* _DATA_:
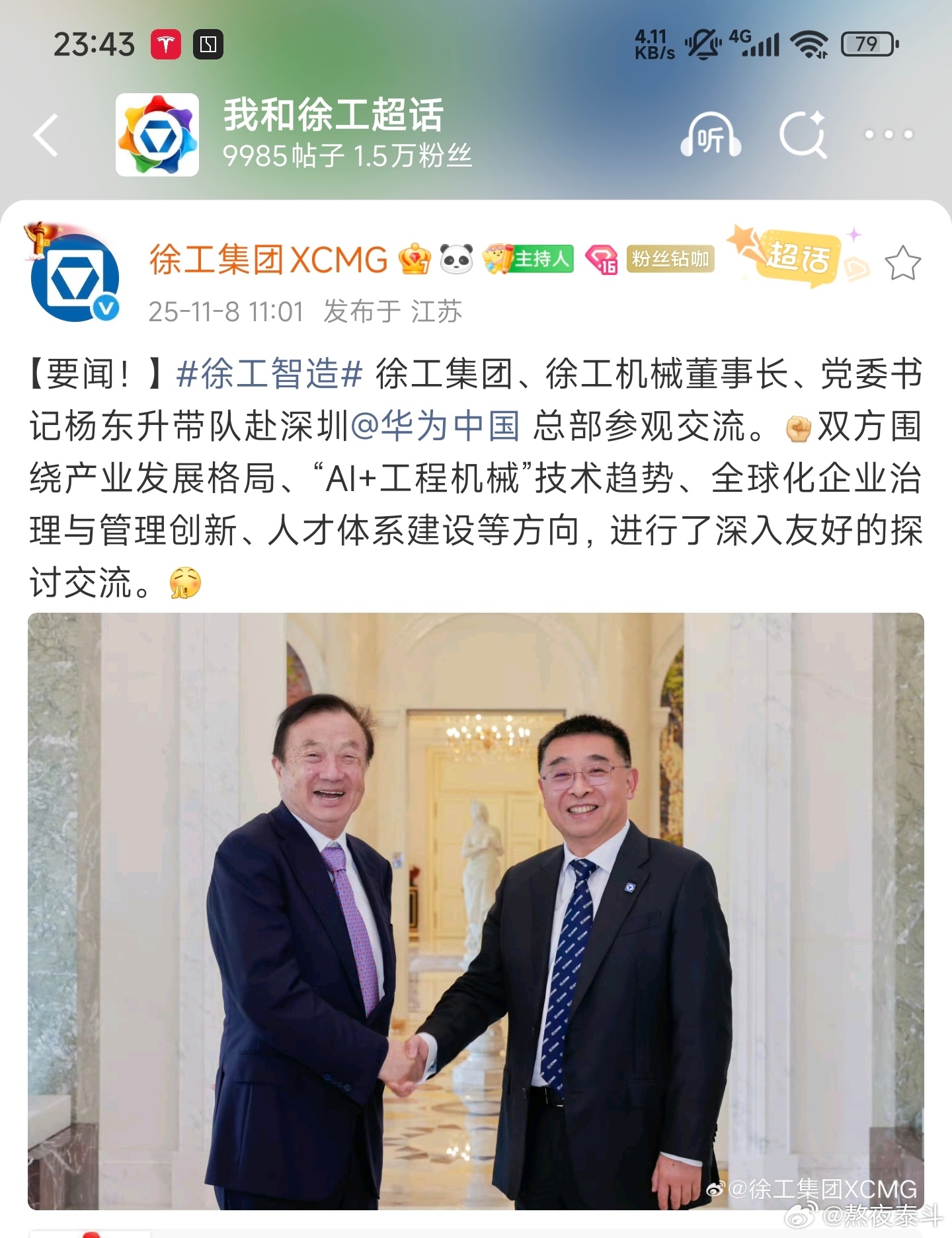 徐工集团赴华为中国总部参观交流,以后吊车挖掘机也要用上ADS了吗?[doge]华为[超话]
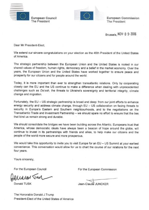 Σε κοινή τους συγχαρητήρια επιστολή προς τον Τραμπ, Γιούνκερ και Τουσκ τον «προσκαλούν να επισκεφθεί την Ευρώπη για μια συνάντηση κορυφής ΕΕ-ΗΠΑ», διότι είναι «πιο σημαντική από ποτέ η ενίσχυση των διατλαντικών σχέσεων».
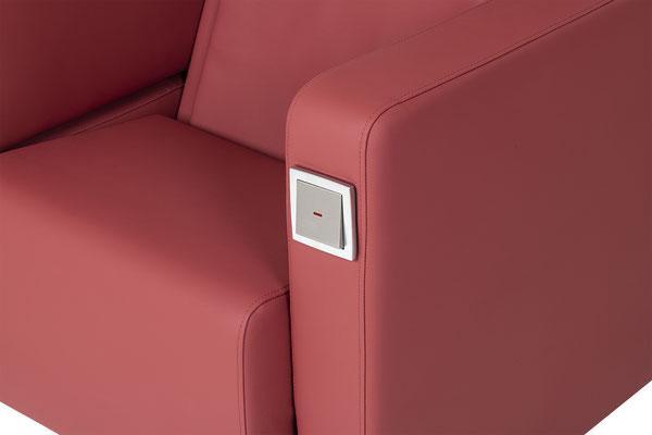 Thanks to a sophisticated access aid, this model offers wheelchair or rollator users a barrier-free option for use. Easy to handle, the specially designed flex armrest can be pushed forwards or backwards with very little effort and thus enables a comfortable and safe transfer. A great help for people who are dependent on a wheelchair, especially since doctors and chiropractors recommend blood circulation-promoting and vitalising massages especially for people with physical impairments.
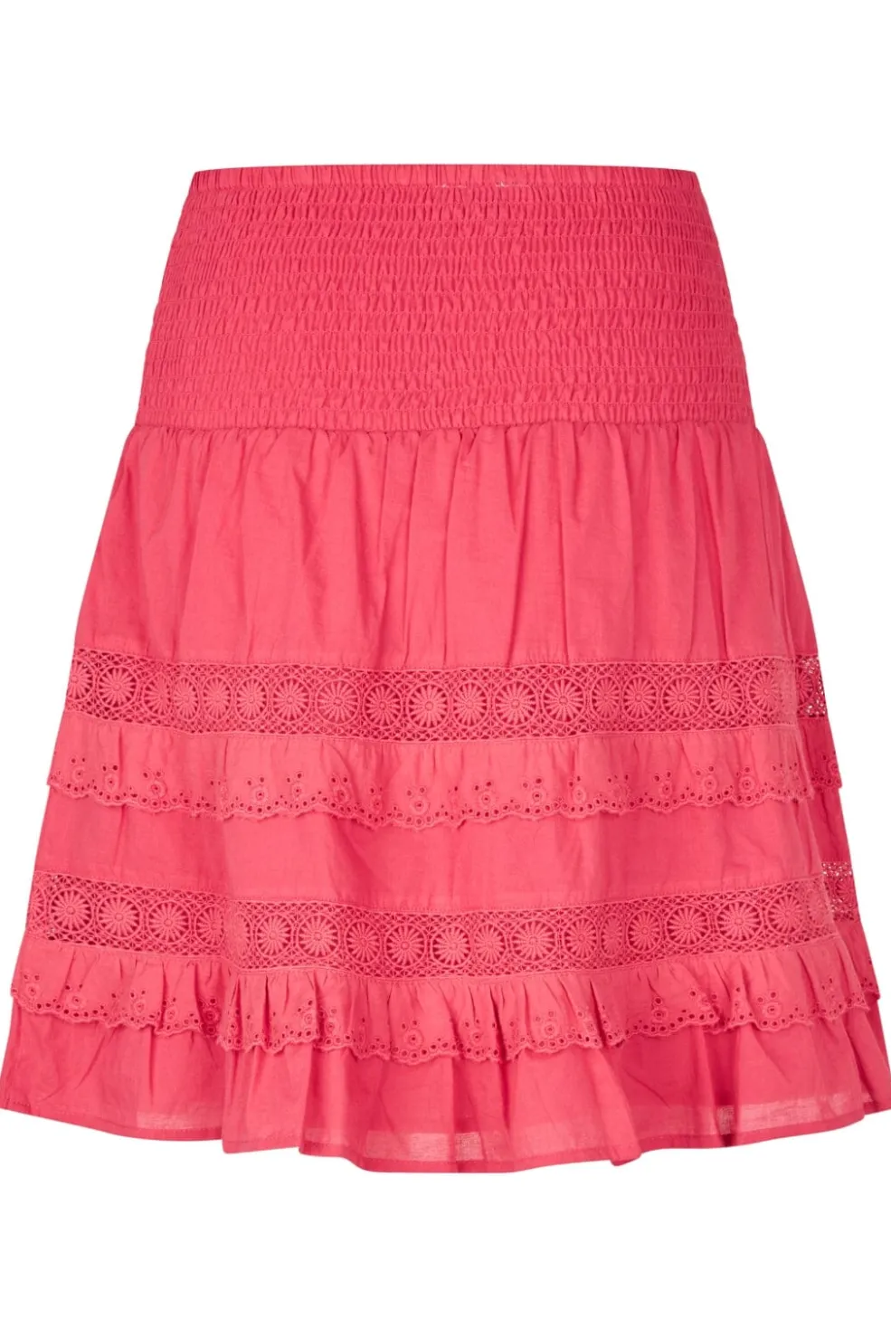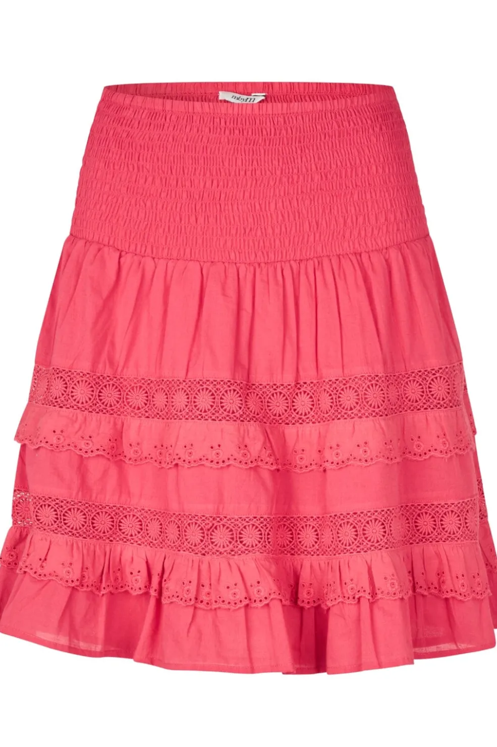 Rød nederdel fra MbyM med smocket talje. Nederdelen har flere lag med blondedetaljer og flæser, der giver et let og luftigt udtryk.
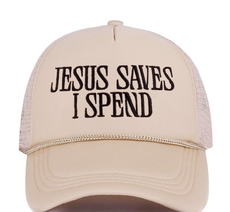 JESUS SAVES I SPEND MESH TRUCKER CAP - “JESUS SAVES I SPEND” EMBROIDERED - ONE-SIZE FITS MOST - MESH TRUCKER CAP - TRENDY HIP DESIGN
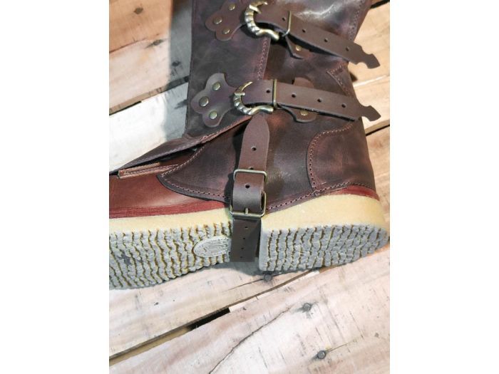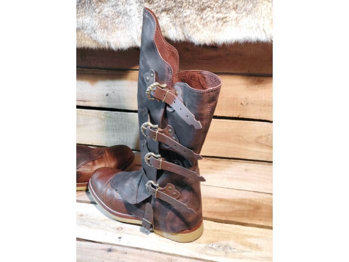 Par de polainas fabricadas en piel envejecida de alta calidad y cerradas mediante correas con hebillas.
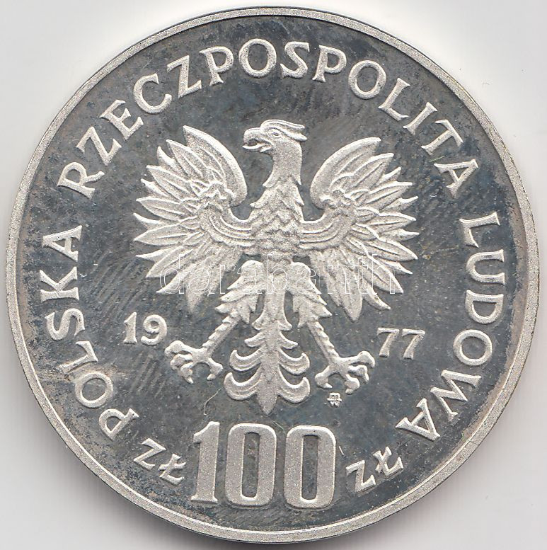 Pola... https://www.darabanth.com/de/190-Fernauktion/190.0/Numismatik/Auslandische-Munzen~600012/Lengyelorszag-1977-100Zl-Ag-Wladyslaw-Reymont-probaveret-TPP-3Cbr3EPoland-1977-100-Zlotych-Ag~II715183
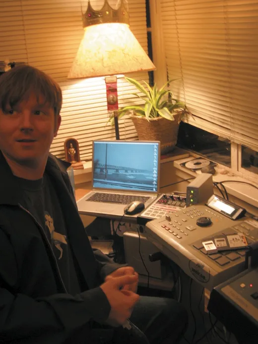 Doseone is surrounded by well- worn equipment.>>> "Powerbook G4, Pro Tools 6.0 and Mbox, which is used for sequencing, re-sampling, mixing, ruining, everything. Jel took my MPC and Yoni [Why?] had all my keyboards, so I had nothing but this [G4] for a year so I learned to use it. We all bought computers within the last year and none of us are on the same platform. A Technics table that I pretend to sample off of but usually I just play keyboards into my trusty MPC 2000 XL, which Jel has worn. Look at this — it's disgusting: finger grease all over my MPC. A Joe Meek VC3Q compressor, AKG 414, Korg Poly-61 that Why? stole, Casio CZ-101, three megaphones. I have a slew of shitty microphones, probably twenty. I have my handy-dandy Sony Dictaphone that I've used for eight years without breaking, an E-Mu Systems Drumulator and I pretend I'm Jel when he was seventeen with it, then I have the workhorse that predates my G4 and that's the Roland VS-880. I did almost every record up to a point on that. Started Themselves' No Music. Did the Them record, did Hemispheres, did cLOUDDEAD, and a lot of remixes. Line 6 DL-4: I would use that live for all the vocals and I would loop everything and it was fabulous for that but it's hyper-noisy and the soundmen are not cooperative when you're running your own vocals on stage. They hate that and this doesn't help because this thing's so sensitive. So it's half pain in the ass, half really great toy. I discontinued it and now I use the Kaos Pad. I have the Behringer that I discontinued because it was too noisy. They're cheap if you don't have the money. They last as long as they cost: 200 days. I have a collection of reel-to-reel Dictaphones, regular Dictaphones, a mini disc recorder, the Korg digital 4-track, the Pandora thing, which I really love. All the field recordings on the cLOUDDEAD record, and pretty much everything I've done for the past three years have come off that. Seventeen shitty swap meet keyboards, no one a duplicate. It's a vast collection of unusable, AA powered trinkets. I sample off the TV, VCR, video games. I have Nintendo, Sega, Colecovision, Atari..."

* _YOUR OBJECTIVE_:
Looking at the listing above, which lines run from the one containing "Rød nederdel fra" through the one containing "Par de polainas"? Print exactly those, ends included, pictures excluded.

* _SOLUTION TO THIS PROBLEM_:
 Rød nederdel fra MbyM med smocket talje. Nederdelen har flere lag med blondedetaljer og flæser, der giver et let og luftigt udtryk.
 JESUS SAVES I SPEND MESH TRUCKER CAP - “JESUS SAVES I SPEND” EMBROIDERED - ONE-SIZE FITS MOST - MESH TRUCKER CAP - TRENDY HIP DESIGN
 Par de polainas fabricadas en piel envejecida de alta calidad y cerradas mediante correas con hebillas.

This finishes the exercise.